Bootstrap evaluators from trace data

/llm-obs-eval-bootstrap analyzes production traces from an ml_app (or an RCA report already in context) and proposes a suite of evaluators that would catch the observed failure modes. It outputs one of three artifacts:

ModeFlagOutput
SDK code (default)Python BaseEvaluator / LLMJudge classes ready to drop into an LLM Experiment
JSON spec--data-onlyFramework-agnostic evaluator spec, suitable for review or manual implementation
Online judges--publishLLM-judge evaluators published directly to Datadog and enabled on your ml_app

The generated Python file is self-contained and ready to hand to a coding agent for integration into your experiment harness or CI pipeline.

Examples

/llm-obs-eval-bootstrap ml_app=my-chatbot
/llm-obs-eval-bootstrap ml_app=my-chatbot --publish
/llm-obs-eval-bootstrap ml_app=my-chatbot --data-only

Run the end-to-end pipeline

/llm-obs-eval-pipeline chains the three skills above into a single supervised workflow. It is the recommended starting point when you have no existing evaluators and want to go from raw production traces to a working evaluator suite.
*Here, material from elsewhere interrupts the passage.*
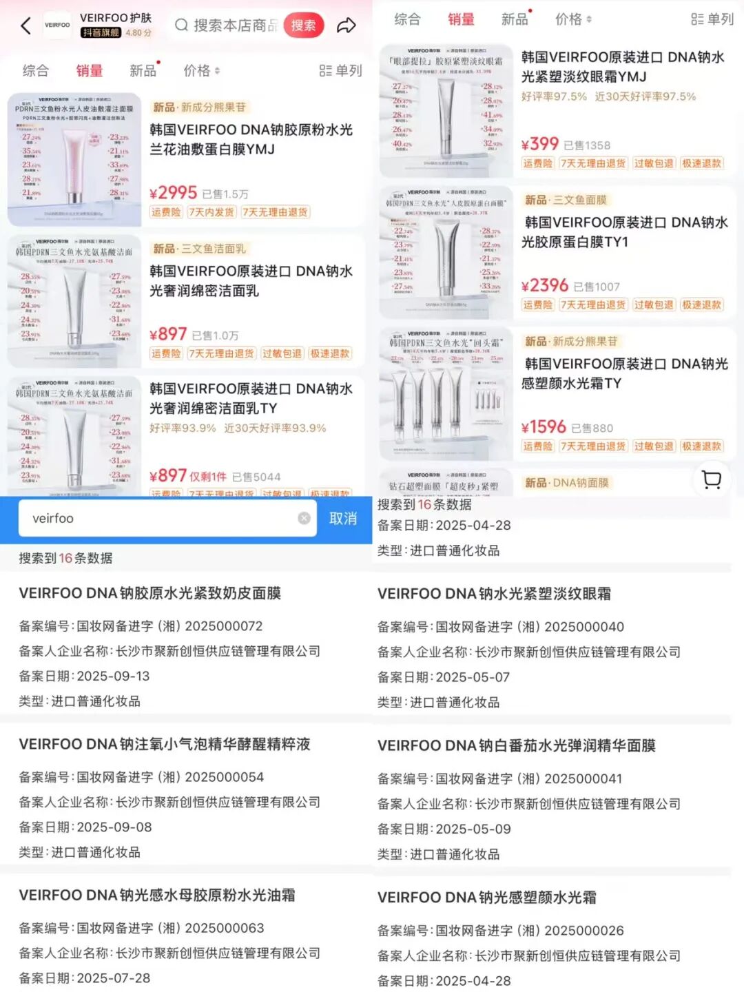 企查查顯示,其商標(biāo)歸屬2024年3月創(chuàng)立的中國(guó)香港藍(lán)沃(環(huán)球)有限公司,但抖音端自稱“韓國(guó)院線尖端科學(xué)美容護(hù)膚品牌”。從化妝品監(jiān)管APP來看,VEIRFOO累計(jì)備案16款產(chǎn)品,首個(gè)產(chǎn)品備案于今年4月,備案方為長(zhǎng)沙市聚新創(chuàng)恒供應(yīng)鏈管理有限公司,生產(chǎn)方為韓國(guó)CNP有限公司。

Phase 1: llm-obs-session-classify  →  classify a sample of recent traces
Phase 2: llm-obs-trace-rca         →  root cause the failures
Phase 3: llm-obs-eval-bootstrap    →  generate evaluators for each root cause

The pipeline pauses for your review and approval between each phase. You can exclude specific traces, adjust the failure taxonomy, or redirect the evaluator proposal before moving on.

Examples

/llm-obs-eval-pipeline my-chatbot
/llm-obs-eval-pipeline my-chatbot --timeframe now-30d --publish
OptionDefaultDescription
--timeframenow-7dLookback window for trace sampling
--trace-limit20Max traces to classify in Phase 1
--data-onlyoffEmit a JSON evaluator spec instead of Python code
--publishoffPublish online LLM-judge evaluators to Datadog

Typical workflow

If you are new to evaluating an LLM application, the recommended flow is:

  1. Run the pipeline to get an initial read on where your app is failing and generate a first evaluator suite:

    /llm-obs-eval-pipeline <ml_app>
    
  2. Apply fixes. The RCA report produced in Phase 2 includes specific before/after fix proposals grounded in trace evidence. Pass the report to a coding agent (or act on it directly) to fix system prompts, tool definitions, or routing logic in your codebase.
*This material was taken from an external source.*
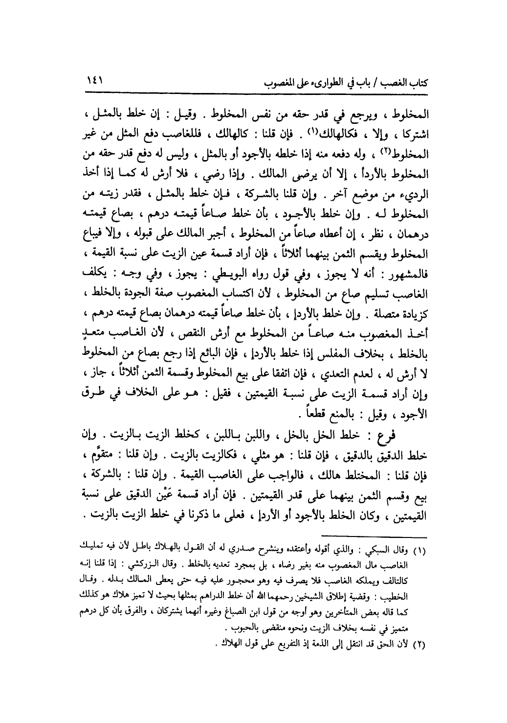 المخلوط، ويرجع في قدر حقه من نفس المخلوط. وقيل: إن خلط بالمثل، اشتركا، وإلا، فكالهالك. فإن قلنا: كالهالك، فللغاصب دفع المثل من غير المخلوط، وله دفعه منه إذا خلطه بالاجود أو بالمثل، وليس له دفع قدر حقه من المخلوط بالاردإ، إلا أن يرضى المالك. وإذا رضي، فلا أرش له كما إذا أخذ الردئ من موضع آخر. وإن قلنا بالشركة، فإن خلط بالمثل، فقدر زيته من المخلوط له. وإن خلط بالاجود، بأن خلط صاعا قيمته درهم، بصاع قيمته درهمان، نظر، إن أعطاه صاعا من المخلوط، أجبر المالك على قبوله، وإلا فيباع المخلوط ويقسم الثمن بينهما أثلاثا، فإن أراد قسمة عين الزيت على نسبة القيمة، فالمشهور: أنه لا يجوز، وفي قول رواه البويطي: يجوز، وفي وجه: يكلف الغاصب تسليم صاع من المخلوط، لان اكتساب المغصوب صفة الجودة بالخلط، كزيادة متصلة. وإن خلط بالاردإ، بأن خلط صاعا قيمته درهمان بصاع قيمته درهم، أخذ المغصوب منه صاعا من المخلوط مع أرش النقص، لان الغاصب متعد بالخلط، بخلاف المفلس إذا خلط بالاردإ، فإن البائع إذا رجع بصاع من المخلوط لا أرش له، لعدم التعدي، فإن اتفقا على بيع المخلوط وقسمة الثمن أثلاثا، جاز، وإن أراد قسمة الزيت على نسبة القيمتين، فقيل: هو على الخلاف في طرق الاجود، وقيل: بالمنع قطعا. فرع خلط الخل بالخل، واللبن باللبن، كخلط الزيت بالزيت. وإن خلط الدقيق بالدقيق، فإن قلنا: هو مثلي، فكالزيت بالزيت. وإن قلنا: متقوم، فإن قلنا: المختلط هالك، فالواجب على الغاصب القيمة. وإن قلنا: بالشركة، بيع وقسم الثمن بينهما على قدر القيمتين. فإن أراد قسمة عين الدقيق على نسبة القيمتين، وكان الخلط بالاجود أو الاردإ، فعلى ما ذكرنا في خلط الزيت بالزيت.

  3. Run an offline experiment using the generated evaluators against a labeled dataset to validate their quality before enabling them in production. See the Evaluation Developer Guide.
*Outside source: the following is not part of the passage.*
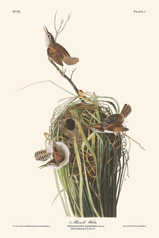 Marsh Wren, first published in 1827, is one of the captivating bird illustrations from John James Audubon's renowned series, The Birds of America. This particular artwork captures the essence of the Marsh Wren, depicting its natural habitat along the Atlantic shores and the marshes at the river inlets.

  4. Publish online evaluators once the evaluators are validated. Running /llm-obs-eval-bootstrap with --publish creates online LLM-judge evaluators in Datadog that run automatically on your production traces in real time — no code changes required:

    /llm-obs-eval-bootstrap <ml_app> --publish
    
  5. Monitor and iterate. As your app evolves, re-run /llm-obs-trace-rca and /llm-obs-eval-bootstrap to catch new failure modes and keep your evaluator suite current.